Source data: Begin

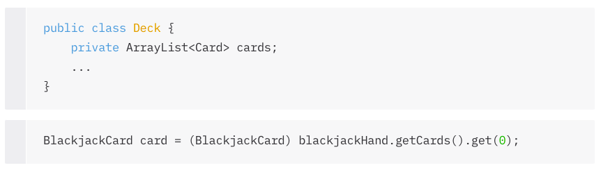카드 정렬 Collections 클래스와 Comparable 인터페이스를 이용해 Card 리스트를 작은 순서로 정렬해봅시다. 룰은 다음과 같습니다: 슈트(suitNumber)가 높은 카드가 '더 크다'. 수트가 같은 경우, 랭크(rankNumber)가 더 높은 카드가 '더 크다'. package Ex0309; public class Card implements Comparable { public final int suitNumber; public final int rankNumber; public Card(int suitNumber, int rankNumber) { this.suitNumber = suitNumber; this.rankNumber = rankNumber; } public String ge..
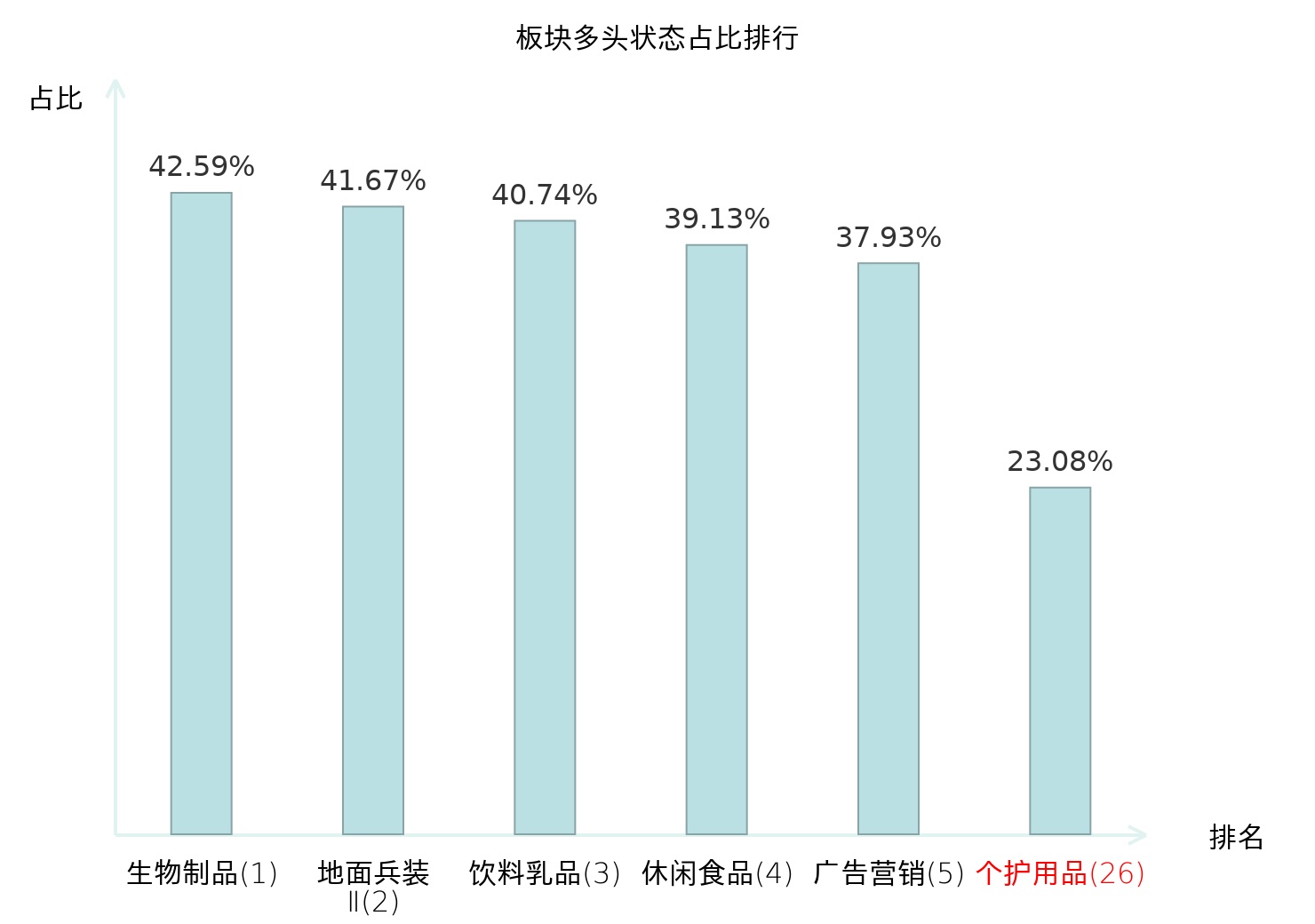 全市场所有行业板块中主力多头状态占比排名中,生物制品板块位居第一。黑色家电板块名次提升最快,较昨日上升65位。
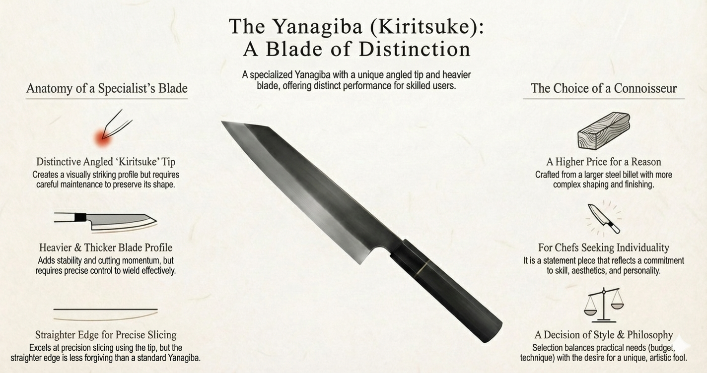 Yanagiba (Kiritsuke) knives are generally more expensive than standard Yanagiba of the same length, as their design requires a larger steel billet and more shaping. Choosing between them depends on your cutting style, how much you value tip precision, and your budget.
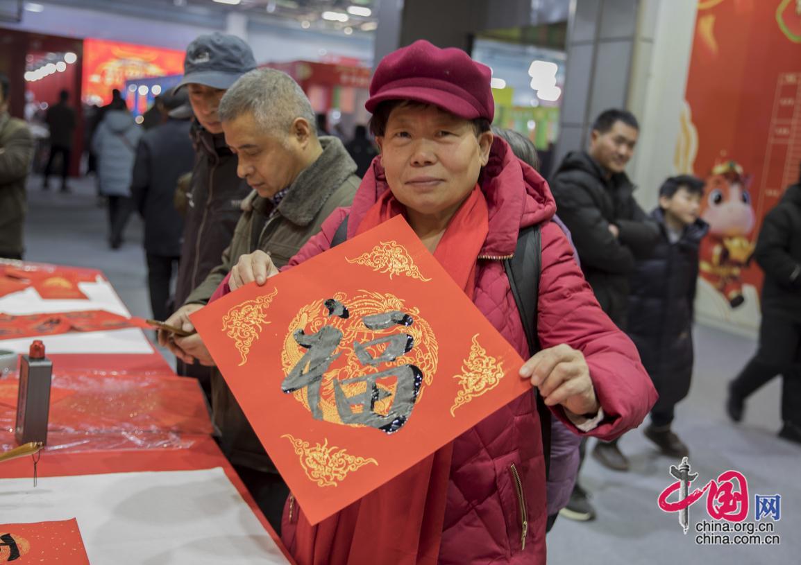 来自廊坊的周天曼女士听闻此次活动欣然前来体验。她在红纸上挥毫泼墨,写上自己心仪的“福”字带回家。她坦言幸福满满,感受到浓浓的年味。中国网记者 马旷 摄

Source data: End

Print the data above in full and exactly as it appears, skipping the pictures.

§ **Written answer**:
카드 정렬 Collections 클래스와 Comparable 인터페이스를 이용해 Card 리스트를 작은 순서로 정렬해봅시다. 룰은 다음과 같습니다: 슈트(suitNumber)가 높은 카드가 '더 크다'. 수트가 같은 경우, 랭크(rankNumber)가 더 높은 카드가 '더 크다'. package Ex0309; public class Card implements Comparable { public final int suitNumber; public final int rankNumber; public Card(int suitNumber, int rankNumber) { this.suitNumber = suitNumber; this.rankNumber = rankNumber; } public String ge..
 全市场所有行业板块中主力多头状态占比排名中,生物制品板块位居第一。黑色家电板块名次提升最快,较昨日上升65位。
 Yanagiba (Kiritsuke) knives are generally more expensive than standard Yanagiba of the same length, as their design requires a larger steel billet and more shaping. Choosing between them depends on your cutting style, how much you value tip precision, and your budget.
 来自廊坊的周天曼女士听闻此次活动欣然前来体验。她在红纸上挥毫泼墨,写上自己心仪的“福”字带回家。她坦言幸福满满,感受到浓浓的年味。中国网记者 马旷 摄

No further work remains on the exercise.